Chunjie Wang
Urban Threshold
As one of the newest architectural typologies, the airport has changed so much within just a century—evolving from a simple “bus stop” for planes into a megastructure combining transportation, logistics, and retail.
However, in recent decades, the rapidly growing number of travelers and increasingly complex airport procedures have made the airport experience frustrating.
Airport districts have become enclosed urban entities, operating as closed systems that are often disconnected from their host cities, both physically and socially. These large and isolated areas often act as typical non-places, where there is little sense of identity, history, or human connection. For most travelers, their role within these spaces is reduced to a boarding pass and a seat number—stripped of personal or cultural meaning.

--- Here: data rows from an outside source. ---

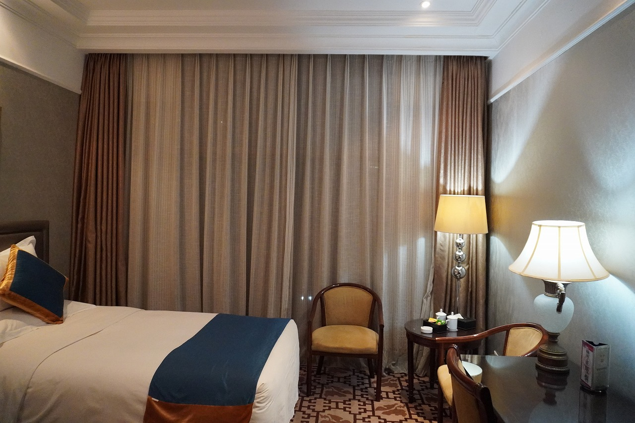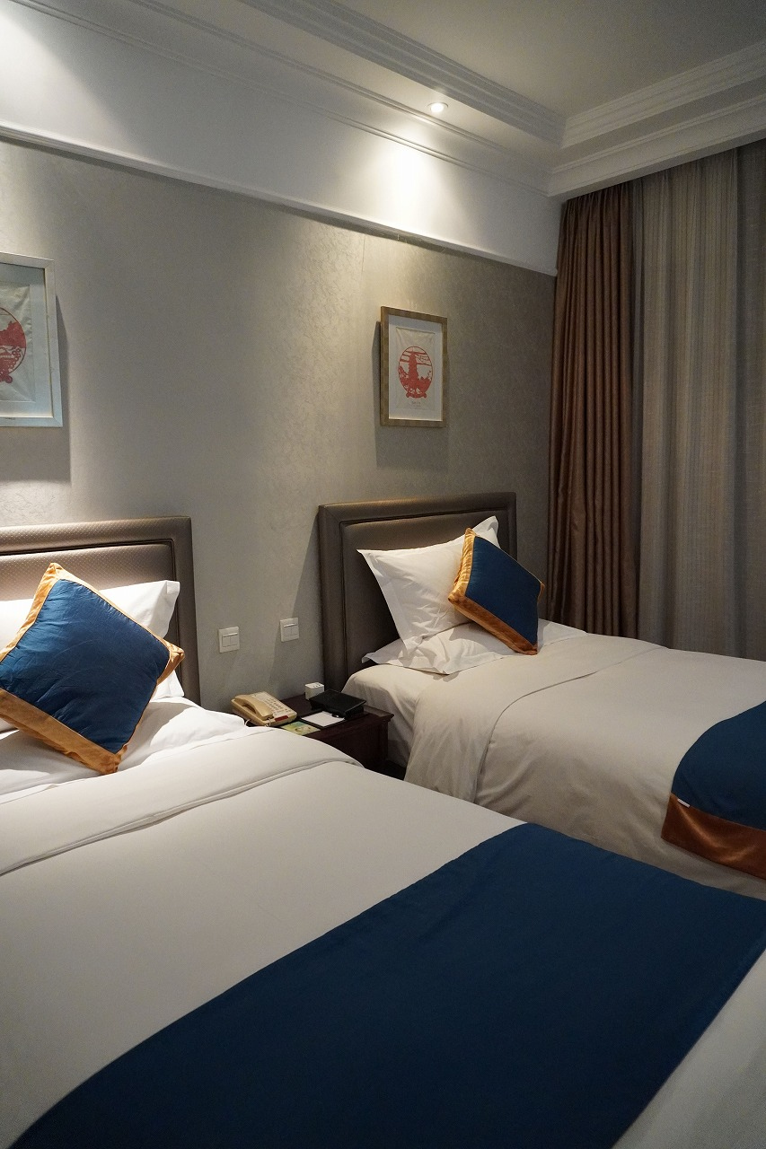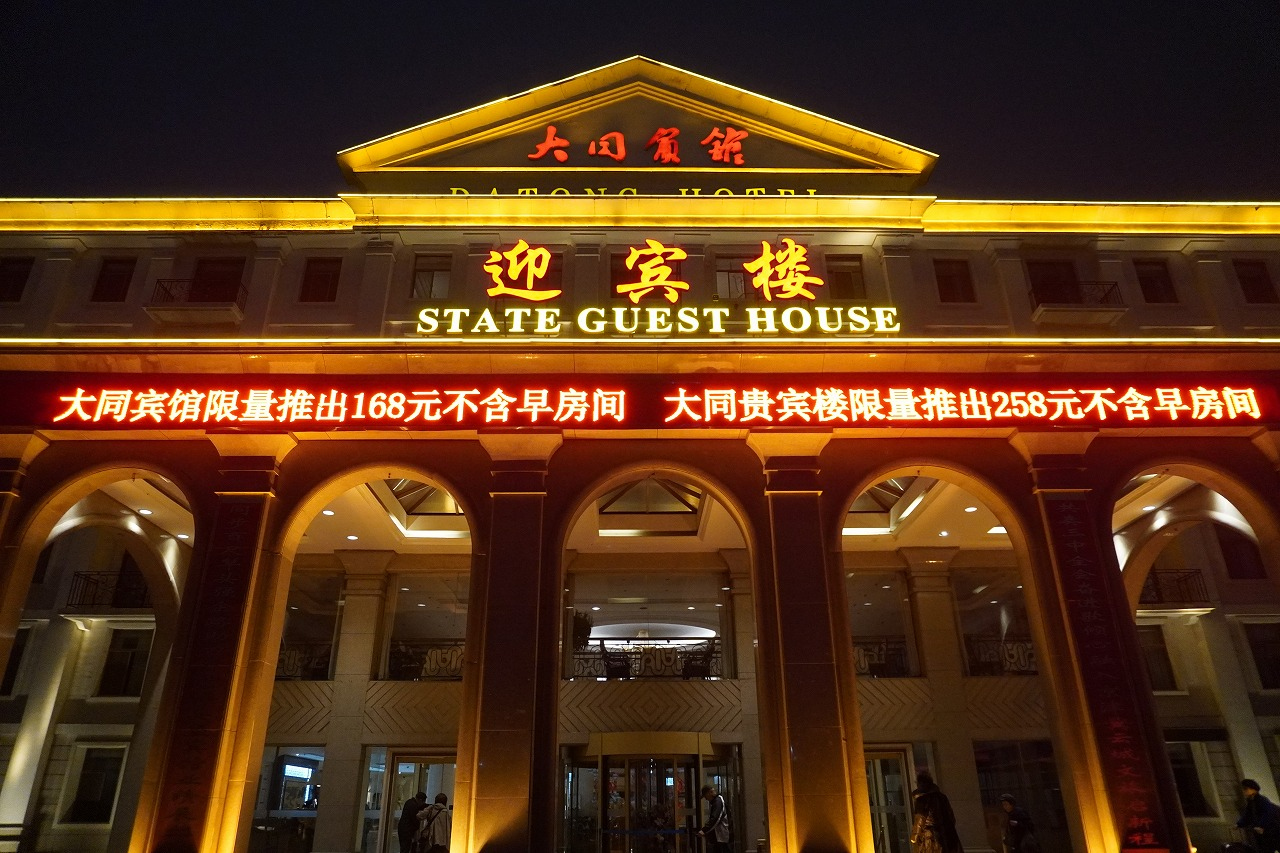 山西省のツアーで宿泊しました。宿泊は本館で開業当時は大同で1番のホテルだったということです。バスタブもあり、お湯の出も良いのでストレスなく利用でしました。部屋に無料のミネラルウォーターがありますが、冷蔵庫はありません。夕食はツアーに含まれており、本館の裏手にある貴賓館の2階にあるレストランでいただきましたが、品数も多く山西省の名物料理がいただけました。ビールはツアーの料金でも20元と北京や上海に比べると良心的です。朝食時は麺のコーナーでは名物の刀削麺をその場で作ってくれるのでパフォーマンスとしても楽し江ましたし、とても美味しかったです。ツアーでは大同の観光が無かったので、夕食の後に散策に出掛けました。ホテルの北側に20分ほど歩くと城壁が現れ、ライトアップされてとてもきれいです。城壁を越えると古い寺院や再現された街並みが現れます。有名な九龍壁も外から見ることが出来ました。このホテルに宿泊したら夜の散策はおすすめです。
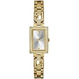 Yet another fashionable quartz analogue ladies wristwatch manufactured and designed by Guess. This wristwatch includes a gold stainless steel bracelet and a gold plated case as well as a silver dial. The watch is secured with a distinctive G-logo bracelet with matching crystal detailing and is water resistant to 30 meters (100 feet).
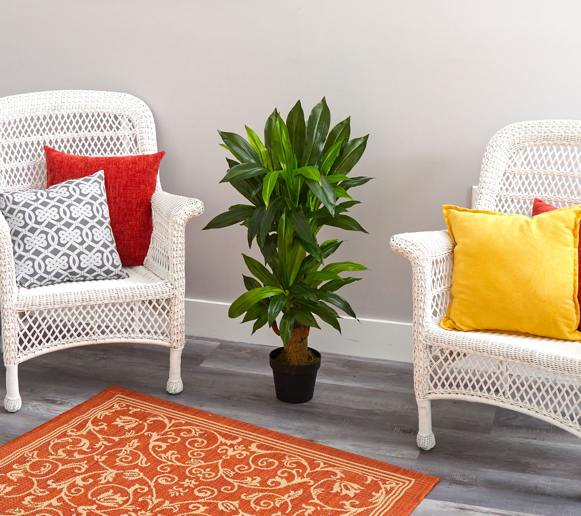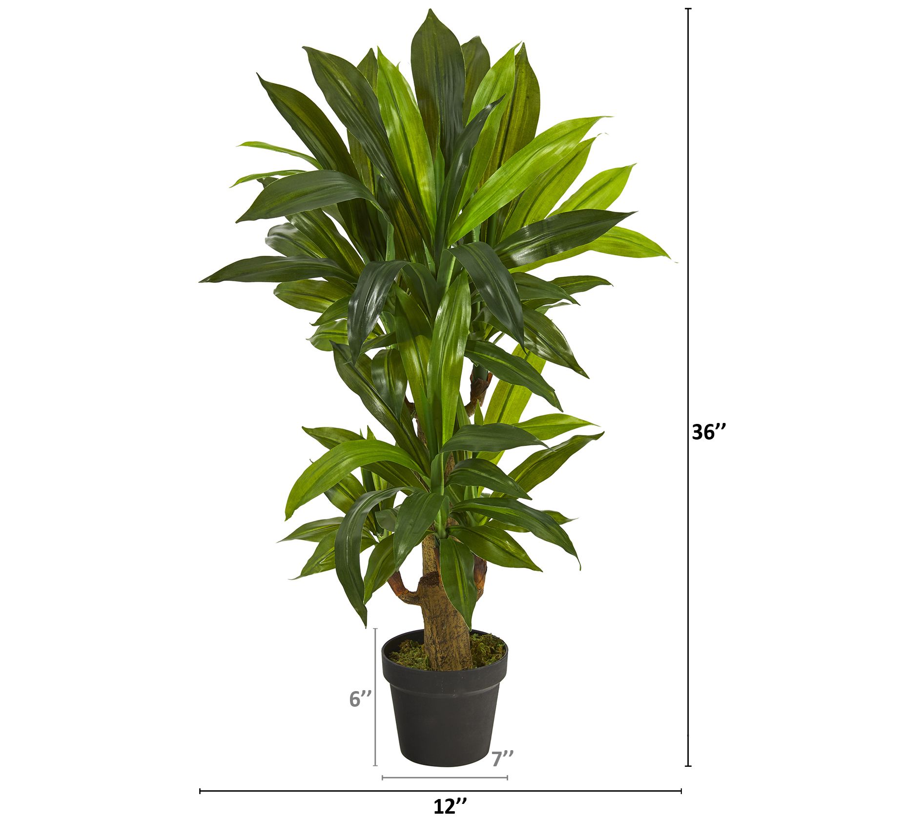 Bring the beauty of nature indoors without the upkeep with this artificial Corn Stalk Dracaena plant. Its lifelike leaves and textured trunks create a realistic and exotic touch to any space, standing 3-feet tall in a nursery planter for easy display. From Nearly Natural.

In this context, breaking down boundaries and activating cultural and economic connections becomes the prerequisite for the development of an aerotropolis economy.

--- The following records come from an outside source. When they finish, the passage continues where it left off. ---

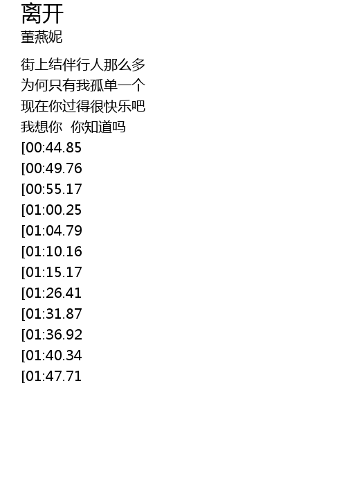 | [02:53.85][01:26.41] | 我只能悄悄的离开 |
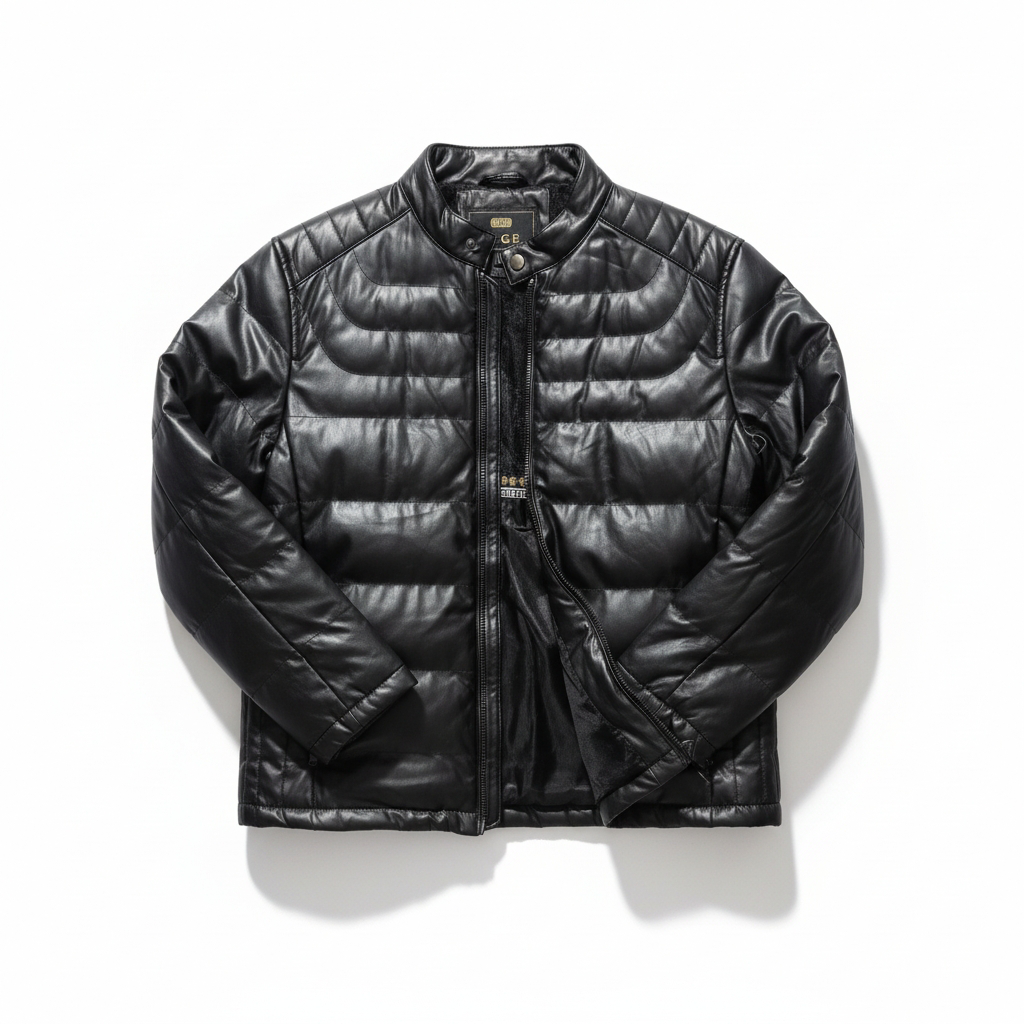 Cette pièce unique combine l’aspect robuste du blouson de motard et le confort thermique d’une doudoune. Sa finition noire satinée apporte une touche de luxe immédiate à toutes vos tenues, qu’elles soient décontractées ou plus formelles.
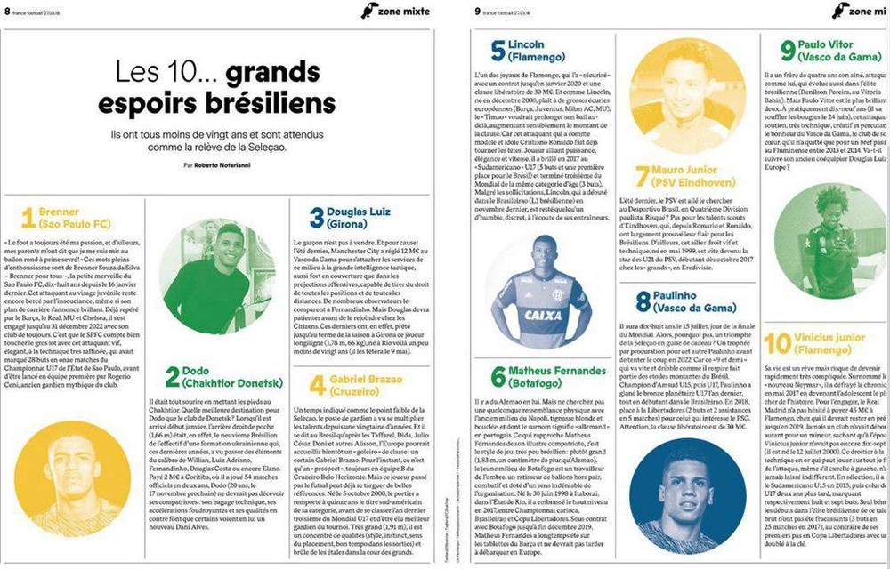 Журналист France Football Роберто Нотариани составил список из десяти самых больших надежд бразильского футбола. На второе место он поставил защитника донецкого Шахтера Додо.
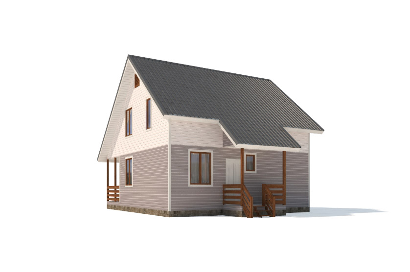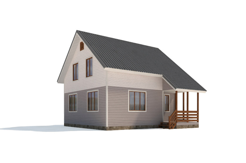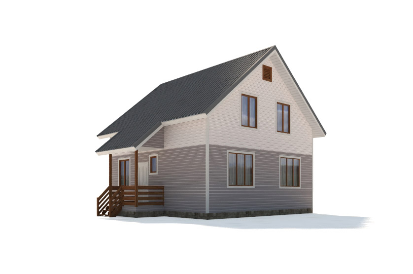 Фасад: деревянные панели 140х16 мм, имитирующие брус, с пазогребневым соединением.
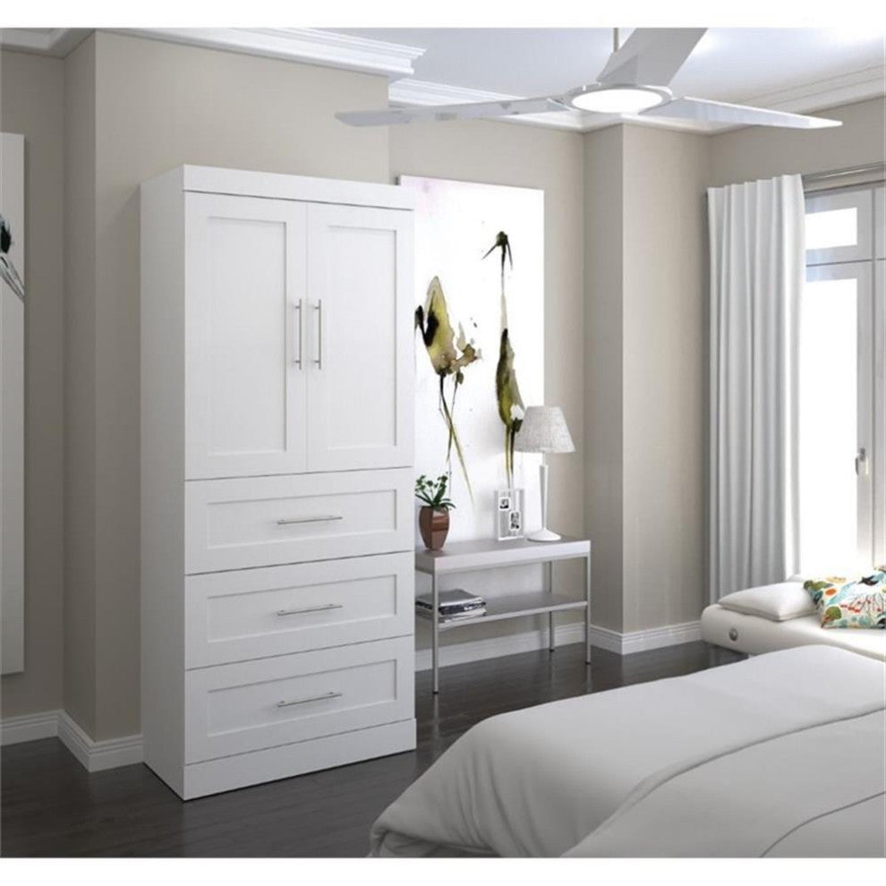 The Bestar Pur 36W Wardrobe with Drawers is a wonderful storage solution for your home. It offers a variety of customizable storage options to meet all your storage needs. Use the concealed shelving to store clothing, storage bins, spare sheets, towels, and more. Or, open the lovely cabinet doors to reveal practical clothing rods to keep your nicest shirts, pants and dresses wrinkle free. You"™ll find the rest of the storage space you need in large drawers opening on smooth ball bearing slides. Add convenient closet storage as well as a touch of style to your bedroom, guest room, entryway or laundry room thanks to this freestanding closet. This accent cabinet can serve as the ideal complement to your Murphy bed or as a stylish and functional standalone storage cabinet. Backed by the Bestar 10 Year Manufacturer''s Warranty.Features: • Bundle includes: 36W Closet Organizer, 2 Door Set for Pur 36W Closet Organizer, 3 Drawer Set for Pur 36W Closet Organizer • Cabinet doors conceal a mix of fixed and adjustable/removable shelves to customize your closet organization • Drawers glide on smooth ball bearing slides for an easy reach to the back • Includes clothing rods to hang your favorite outfits • Can be used for storage throughout your home, including your mudroom, laundry room, or pantry • Shaker-inspired trim and metal handles for transitional styling that complements any decor • Quality engineered wood compliant with TSCA Title VI • Assembly required (2 people recommended) • Backed by the Bestar 10 Year Manufacturer"™s Warranty

This strategy directly addresses the identity loss often found in airport and related environments, which function as typical non-places. While non-places are defined by anonymity, uniformity, and transience, a legible spatial structure can reintroduce orientation, memory, and emotional connection.

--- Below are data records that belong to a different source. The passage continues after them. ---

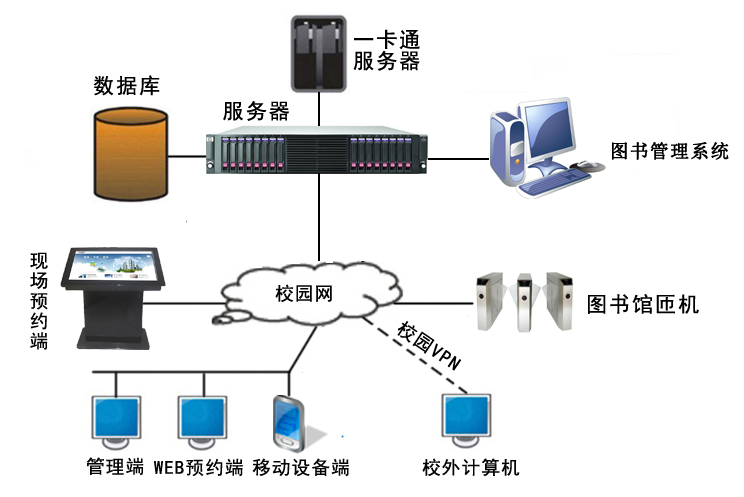 服務(wù)器:服務(wù)器是座位管理系統的核心信息交互及數據處理平臺,負責與校園一卡通進(jìn)行讀者用戶(hù)信息的交互、與圖書(shū)館管理系統進(jìn)行讀者身份以及讀者口令的認證、對座位資源的日常管理、匯總讀者座位資源的使用數據及進(jìn)行報表分析。
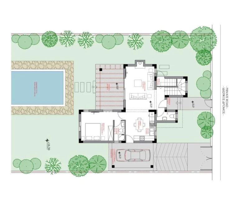 Each villa boasts a carefully planned layout, with bright, airy interiors enhanced by floor-to-ceiling windows that invite in natural light. Available in two- or three-bedroom configurations, the residences come equipped with air conditioning, solar panels, and a private swimming pool. Spacious verandas provide the perfect setting for outdoor relaxation, while landscaped gardens offer both beauty and privacy.
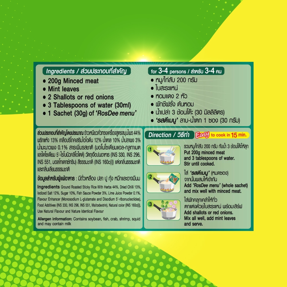 รสดีเมนู ลาบ-น้ำตก สูตรมะนาว คัดสรรวัตถุดิบคุณภาพทั้ง “มะนาวสกัดแท้” และ “ข้าวเหนียวคั่วสมุนไพร” ที่ให้กลิ่นหอมและรสเปรี้ยวอย่างเป็นธรรมชาติ ให้คุณเพลิดเพลินกับรสชาติของลาบที่ หอม อร่อย ลงตัว ครบจบในซองเดียว ไม่ต้องปรุงเพิ่ม พร้อมเสิร์ฟเมนูสุดอร่อยในพริบตา
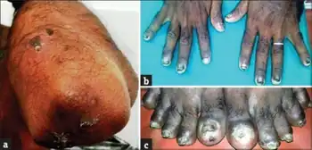 Signs and symptoms may include weight loss, fever, malaise, cough, skin and mucosal lesions, diarrhea, and peripheral neuropathy. Cardiac symptoms are also possible.[2]

Each spatial element within the complex—whether a plaza, a library, or an exhibition hall—serves as a recognizable anchor embedded with cultural meaning. Landmarks act as both orientation points and expressions of local identity. Paths become curated journeys lined with public art and sensory variation. Thematic districts organize the building into zones for learning, culture, leisure, and mobility, allowing users to situate themselves both functionally and symbolically.